On Fri, Dec 30, 2011 at 9:43 AM, Gregg Reynolds <dev@mobileink.com> wrote:
On Dec 30, 2011, at 11:20 AM, Colin Adams wrote:
On 30 December 2011 17:17, Gregg Reynolds <dev@mobileink.com> wrote:
On Dec 30, 2011, at 11:04 AM, Colin Adams wrote:
On 30 December 2011 16:59, Gregg Reynolds <dev@mobileink.com> wrote:
On Fri, Dec 30, 2011 at 12:49 AM, Heinrich Apfelmus <apfelmus@quantentunnel.de> wrote:
The function

 f :: Int -> IO Int
 f x = getAnIntFromTheUser >>= \i -> return (i+x)

is pure according to the common definition of "pure" in the context of purely functional programming. That's because

 f 42 = f (43-1) = etc.

Conclusion:  f 42 != f 42

(This seems so extraordinarily obvious that maybe Heinrich has something else in mind.)

This seems such an obviously incorrect conclusion.

f42 is a funtion for returning a program for returning an int, not a function for returning an int.

My conclusion holds:  f 42 != f 42.  Obviously, so I won't burden you with an explanation. ;)

-Gregg
Your conclusion is clearly erroneous.

proof: f is a function, and it is taking the same argument each time. Therefore the result is the same each time.

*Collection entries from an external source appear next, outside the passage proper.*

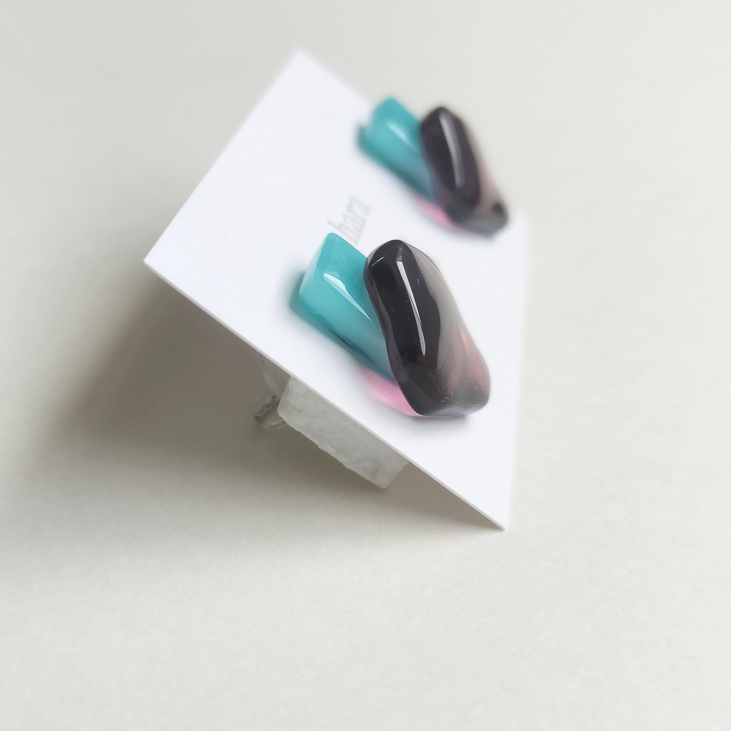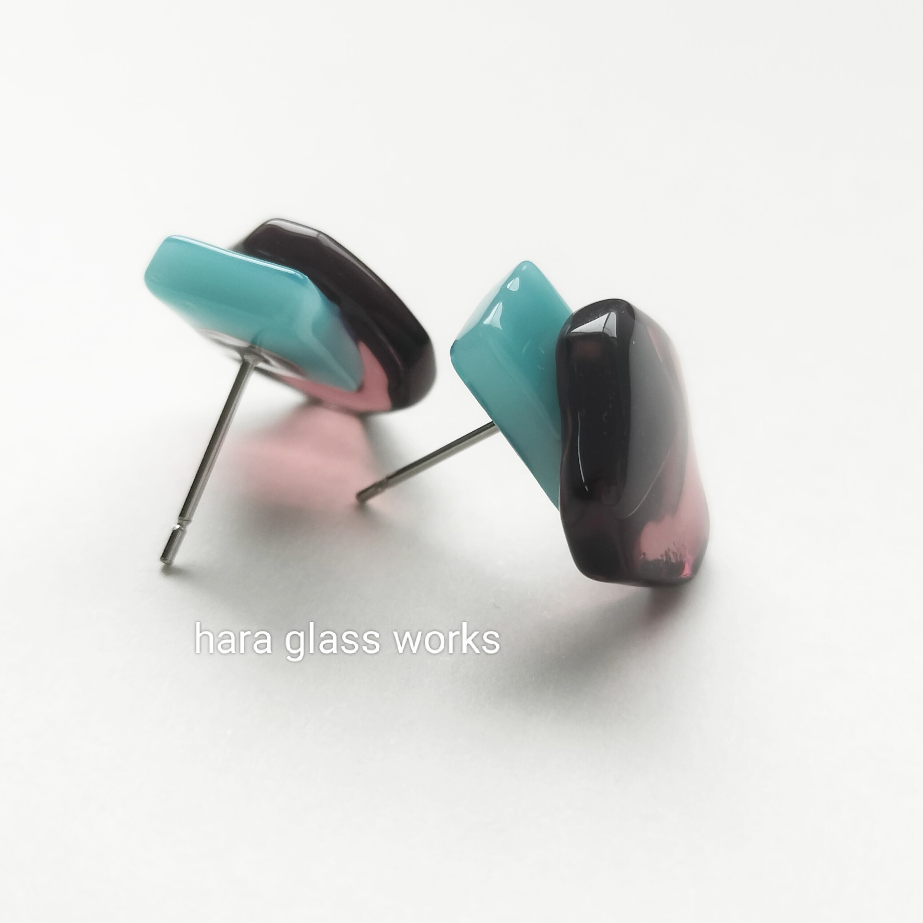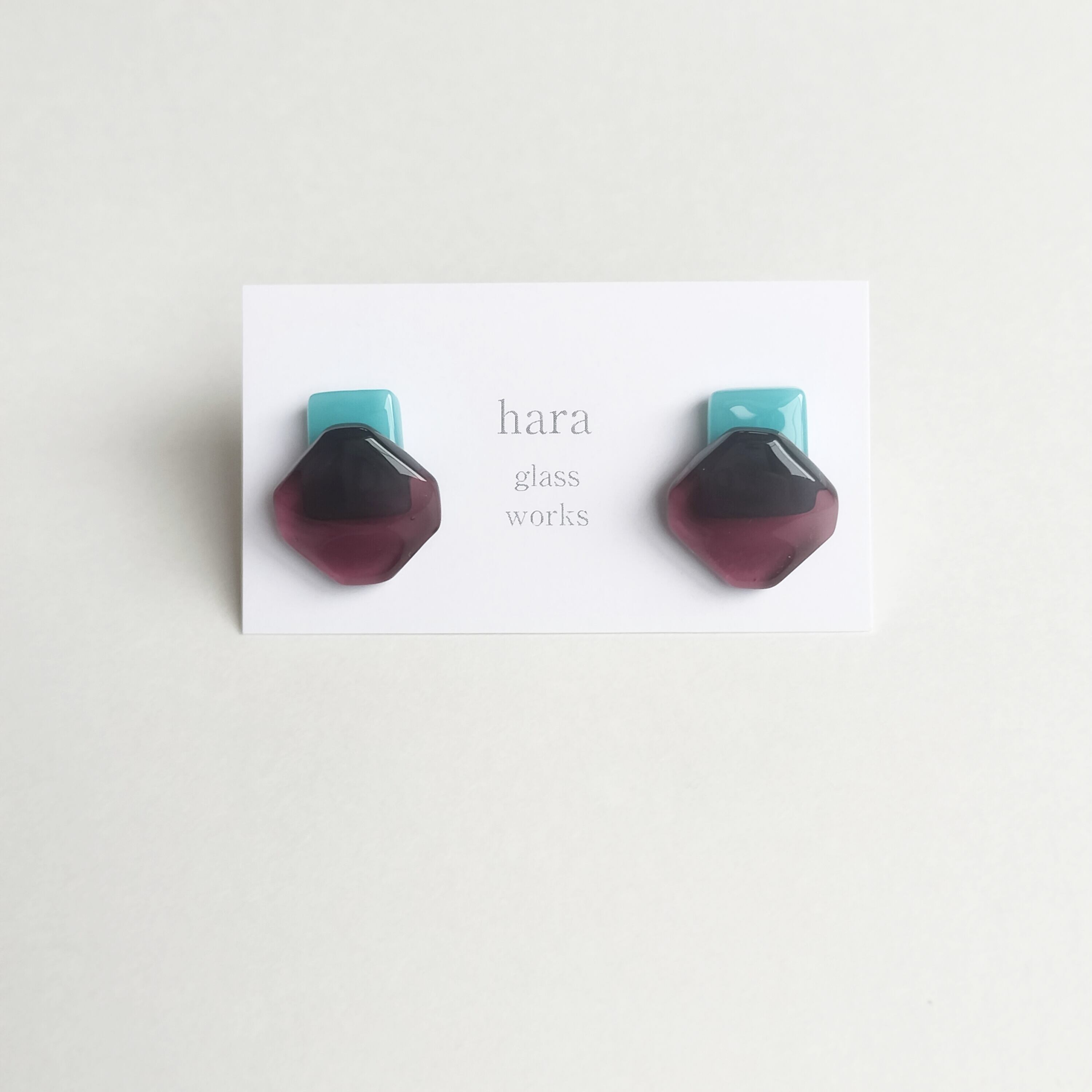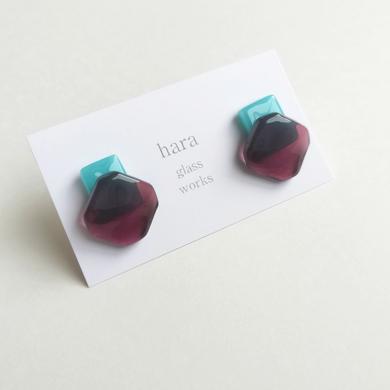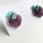 ○□ガラスピアス プラム&ターコイズブルー アレルギー対応ピアス/イヤリング選択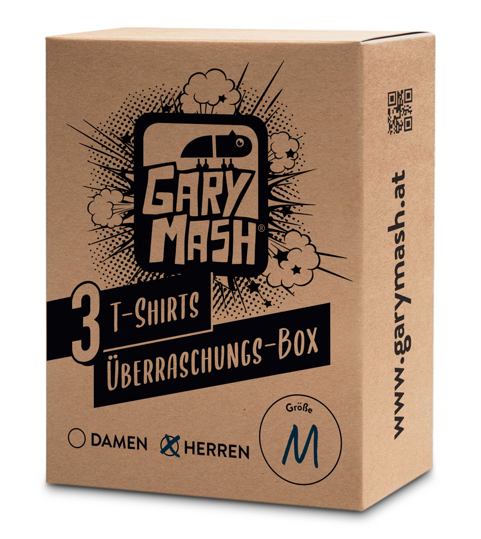 Did you love surprise bags as much as we did as a small child? Then you should definitely grab our surprise box – filled with 3 men‘s T-shirts.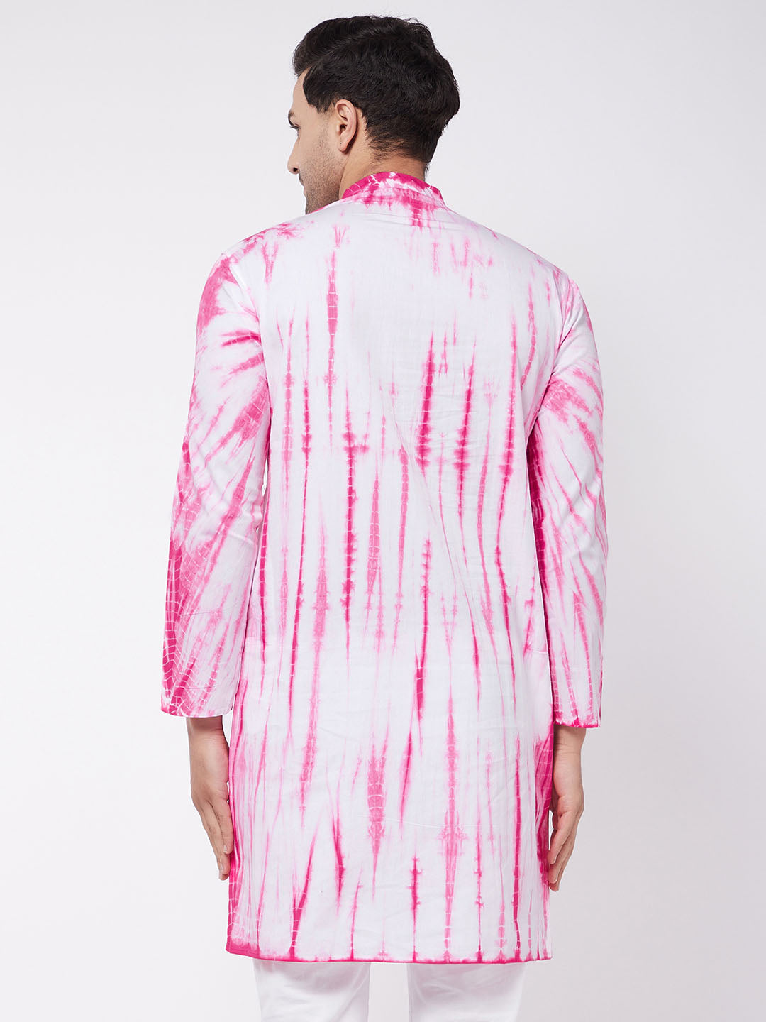 Pink and white tie-dye straight cotton knee-length kurta, has a mandarin collar, button placket, long sleeves, a straight hem, and side slits.

That's called begging the question.  f is not a function, so I guess your proof is flawed.

It seems pretty clear that we're working with different ideas of what constitutes a function.  When I use the term, I intend what I take to be the standard notion of a function in computation: not just a unique mapping from one input to one output, but one where the output is computable from the input.  Any "function" that depends on a non-computable component is by that definition not a true function.  For clarity let's call such critters  quasi-functions, so we can retain the notion of application.  Equality cannot be defined for quasi-functions, for obvious reasons.

f is a quasi-function because it depends on getAnIntFromUser, which is not definable and is obviously not a function.  When applied to an argument like 42, it yields another quasi-function, and therefore "f 42 = f 42" is false, or at least unknown, and the same goes for f 42 != f 42 I suppose.  

-Gregg

Please don't redefine "function" to mean "computable function". Besides distancing yourself from math, I don't think doing so really helps your case.

And on what do you base your claim that getAnIntFromUser is not definable? Or that applying it (what?) to 42 gives a quasi-function?